Packages

  • package root

    High level Smile operators in Scala.

    High level Smile operators in Scala.

    Definition Classes
    root
  • package smile
    Definition Classes
    root
  • package imputation

    Missing value imputation.

    Missing value imputation. In statistics, missing data, or missing values, occur when no data value is stored for the variable in the current observation. Missing data are a common occurrence and can have a significant effect on the conclusions that can be drawn from the data.

    Data are missing for many reasons. Missing data can occur because of nonresponse: no information is provided for several items or no information is provided for a whole unit. Some items are more sensitive for nonresponse than others, for example items about private subjects such as income.

    Dropout is a type of missingness that occurs mostly when studying development over time. In this type of study the measurement is repeated after a certain period of time. Missingness occurs when participants drop out before the test ends and one or more measurements are missing.

    Sometimes missing values are caused by the device failure or even by researchers themselves. It is important to question why the data is missing, this can help with finding a solution to the problem. If the values are missing at random there is still information about each variable in each unit but if the values are missing systematically the problem is more severe because the sample cannot be representative of the population.

    All of the causes for missing data fit into four classes, which are based on the relationship between the missing data mechanism and the missing and observed values. These classes are important to understand because the problems caused by missing data and the solutions to these problems are different for the four classes.

    The first is Missing Completely at Random (MCAR). MCAR means that the missing data mechanism is unrelated to the values of any variables, whether missing or observed. Data that are missing because a researcher dropped the test tubes or survey participants accidentally skipped questions are likely to be MCAR. If the observed values are essentially a random sample of the full data set, complete case analysis gives the same results as the full data set would have. Unfortunately, most missing data are not MCAR.

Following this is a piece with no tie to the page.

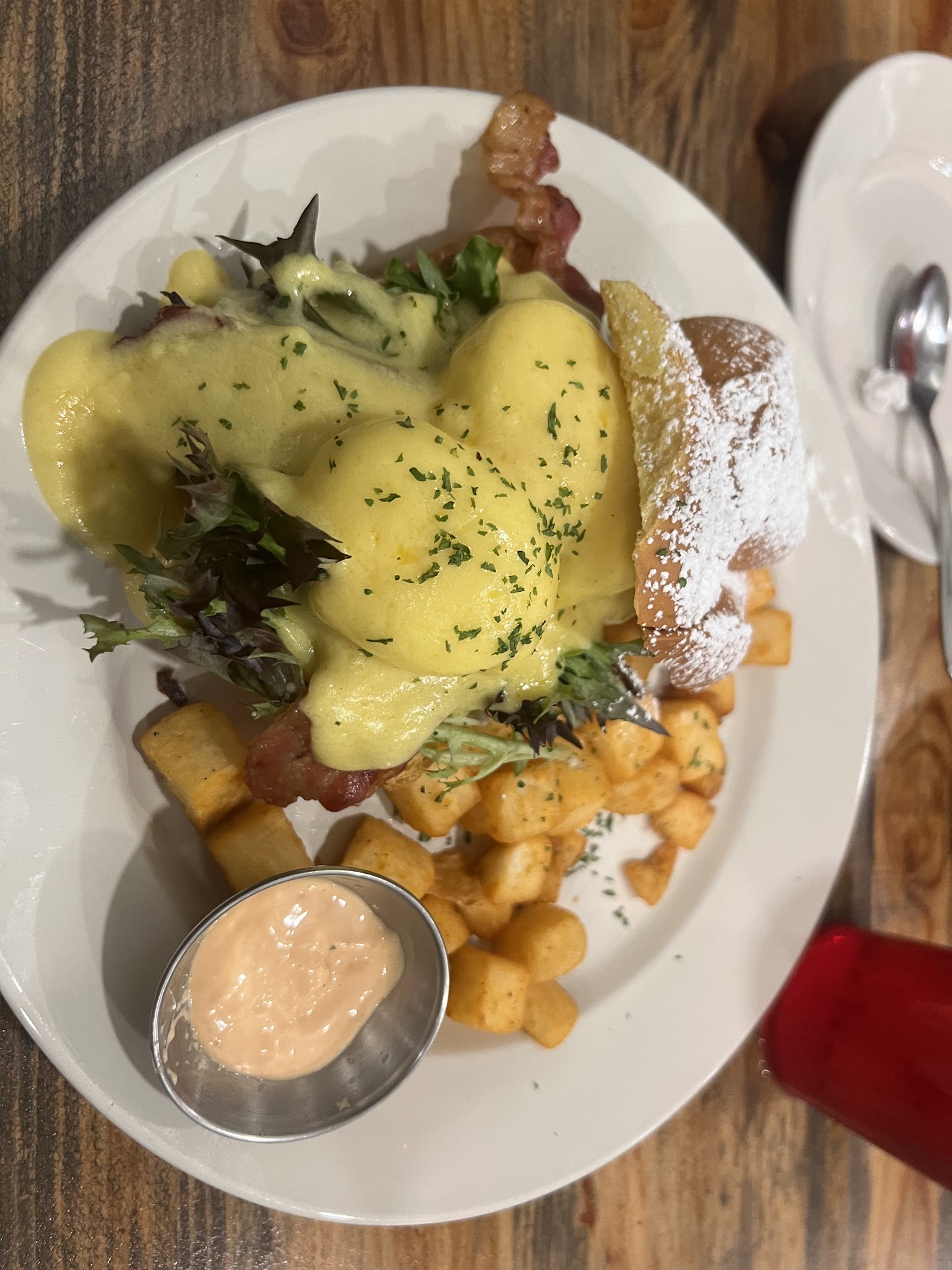 Read moreThis is the third time we've been here. The first two times were phenomenal - we fell in love and it became our go to place on the weekend. This time was a complete disaster. Our waitress had glasses and was awful. She was bickering with the other waitress near us, she forgot my husband's eggs, and I ordered turkey sausage because I don't eat pork and she put in Argentinian sausage. As soon as I took a bite I knew something was off - and the other waitress caught it! The waitress without glasses fixed the other's mistake, apologized, and started taking care of us because the waitress with glasses who made the mistake seemed to be avoiding us after the mishap! Then, glasses waitress halfheartedly apologized, didn't offer any sort of comp, and started telling us it was someone else's fault she made the mistake and was venting to us about another employee - keep back of house in the back! Then, when she brought the receipt my husband he opened his mouth to ask a question (about being charged for eggs he never got) and she snatched the receipt out of his hand before he could even say anything. Extremely unprofessional. I'm grateful to the waitress without glasses, but we won't go there again because of the waitress with glasses. She was rude and unprofessional. I understand mistakes happen, but she did not...

    At the opposite end of the spectrum is Non-Ignorable (NI). NI means that the missing data mechanism is related to the missing values. It commonly occurs when people do not want to reveal something very personal or unpopular about themselves. For example, if individuals with higher incomes are less likely to reveal them on a survey than are individuals with lower incomes, the missing data mechanism for income is non-ignorable. Whether income is missing or observed is related to its value. Complete case analysis can give highly biased results for NI missing data. If proportionally more low and moderate income individuals are left in the sample because high income people are missing, an estimate of the mean income will be lower than the actual population mean.

    In between these two extremes are Missing at Random (MAR) and Covariate Dependent (CD). Both of these classes require that the cause of the missing data is unrelated to the missing values, but may be related to the observed values of other variables. MAR means that the missing values are related to either observed covariates or response variables, whereas CD means that the missing values are related only to covariates. As an example of CD missing data, missing income data may be unrelated to the actual income values, but are related to education. Perhaps people with more education are less likely to reveal their income than those with less education.

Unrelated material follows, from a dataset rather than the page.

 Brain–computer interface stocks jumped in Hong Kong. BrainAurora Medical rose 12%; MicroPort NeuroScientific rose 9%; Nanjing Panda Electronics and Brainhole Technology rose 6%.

    A key distinction is whether the mechanism is ignorable (i.e., MCAR, CD, or MAR) or non-ignorable. There are excellent techniques for handling ignorable missing data. Non-ignorable missing data are more challenging and require a different approach.

    If it is known that the data analysis technique which is to be used isn't content robust, it is good to consider imputing the missing data. Once all missing values have been imputed, the dataset can then be analyzed using standard techniques for complete data. The analysis should ideally take into account that there is a greater degree of uncertainty than if the imputed values had actually been observed, however, and this generally requires some modification of the standard complete-data analysis methods. Many imputation techniques are available.

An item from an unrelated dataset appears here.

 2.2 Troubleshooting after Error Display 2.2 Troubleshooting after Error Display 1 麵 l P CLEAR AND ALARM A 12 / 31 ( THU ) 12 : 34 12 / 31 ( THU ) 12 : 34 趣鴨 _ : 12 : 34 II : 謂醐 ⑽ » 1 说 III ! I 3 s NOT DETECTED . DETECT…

    Imputation is not the only method available for handling missing data. The expectation-maximization algorithm is a method for finding maximum likelihood estimates that has been widely applied to missing data problems. In machine learning, it is sometimes possible to train a classifier directly over the original data without imputing it first. That was shown to yield better performance in cases where the missing data is structurally absent, rather than missing due to measurement noise.

    Definition Classes
    smile
  • Operators
t

smile.imputation

Operators

trait Operators extends AnyRef

High level missing value imputation operators. The NaN values in the input data are treated as missing values and will be replaced with imputed values after the processing.

Linear Supertypes
AnyRef, Any
Ordering
  1. Alphabetic
  2. By Inheritance
Inherited
  1. Operators
  2. AnyRef
  3. Any
Implicitly
  1. by any2stringadd
  2. by StringFormat
  3. by Ensuring
  4. by ArrowAssoc
  1. Hide All
  2. Show All
Visibility
  1. Public
  2. All

Value Members

  1. final def !=(arg0: Any): Boolean
    Definition Classes
    AnyRef → Any
  2. final def ##(): Int
    Definition Classes
    AnyRef → Any
  3. def +(other: String): String
    Implicit
    This member is added by an implicit conversion from Operators to any2stringadd[Operators] performed by method any2stringadd in scala.Predef.
    Definition Classes
    any2stringadd
  4. def ->[B](y: B): (Operators, B)
    Implicit
    This member is added by an implicit conversion from Operators to ArrowAssoc[Operators] performed by method ArrowAssoc in scala.Predef.
    Definition Classes
    ArrowAssoc
    Annotations
    @inline()
  5. final def ==(arg0: Any): Boolean
    Definition Classes
    AnyRef → Any
  6. final def asInstanceOf[T0]: T0
    Definition Classes
    Any
  7. def avgimpute(data: Array[Array[Double]]): Unit

    Impute missing values with the average of other attributes in the instance.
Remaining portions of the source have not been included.